Tuesday, January 22, 2008

Samoa Part 2: History I

Approximately 14 degrees south of the equator lies the Samoan archipelago, a total of 14 islands with 9 bearing inhabitants. Once called the Navigator Islands, the Samoan islands are now split between two political jurisdictions: Samoa and American Samoa.

Sometime in the seventeen hundreds white Europeans made their first contact with the Samoans of Tutuila, now in American Samoa. Due to some misunderstanding some of the Frenchmen and Samoans died in a scuffle.

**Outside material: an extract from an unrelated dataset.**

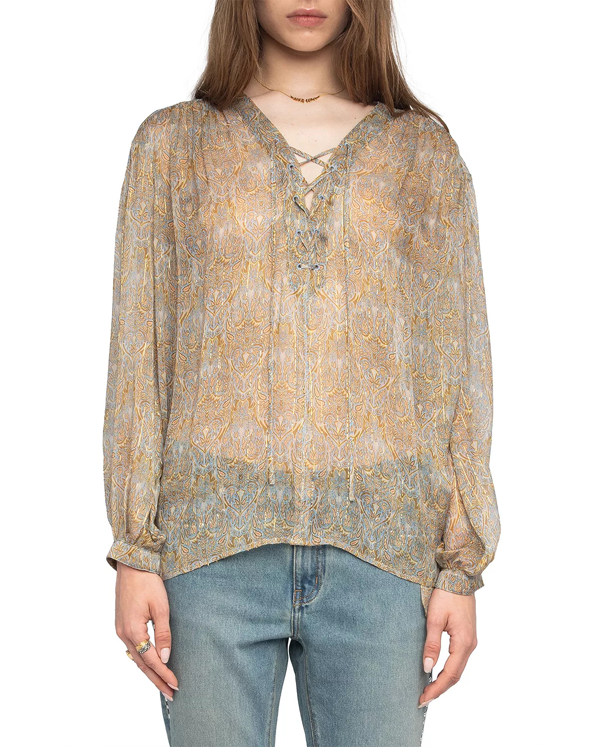 SIZE & FIT - Fits true to size, order your normal size PRODUCT DETAILS - V-neck with lace-up detail - Long balloon sleeves - Pullover style - Imported Web ID: 5577400 MATERIAL & CARE - 97% viscose/3% metallic fibers - Hand or machine wash
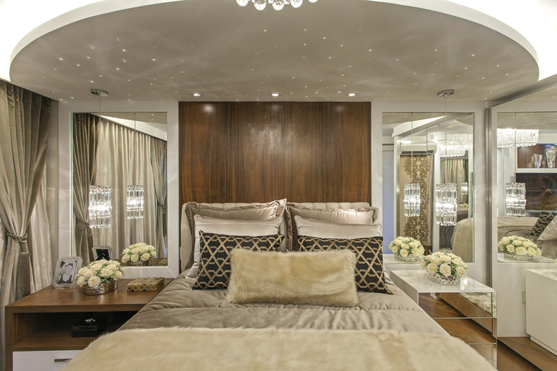 Na área íntima encontramos duas suítes, a de hóspedes e a máster. Na suíte máster, o destaque fica por conta da cabeceira da cama feita em madeira, laca e espelho, conferindo sofisticação e amplitude ao espaço (destaque na foto).

Because of this incident at what is now called "Massacre Bay", European explorers largely avoided Samoa until 1830 when John Williams. a missionary from the London Missionary Society (LMS), landed at Sapapalii, Savaii to introduce Christianity to Samoa.

Williams received a warm welcome by Malietoa Vaiinupo an important chief vying to become king over all the islands. Malietoa likely saw many advantages to accepting the white missionary's message as the Samoans associated material prosperity with the new Christian faith. Soon most of Malietoa's followers converted to the LMS brand of Christianity.

Some time after Williams' arrival in the islands, Wesleyan (Methodist) missionaries from neighboring Tonga found success amongst the rivals of Malietoa Vaiinupo. The Catholics soon followed and labored to establish themselves in some Samoan societal niche.

As each successive Christian sect arrived, persecution from the "older, established" sects was heaped upon the missionaries and new converts. But Samoans are known for their firmness and tenacity and the fledgling congregations grew until the whole of the population had been evangelized by these three Christian sects: LMS, Methodist, and Catholic.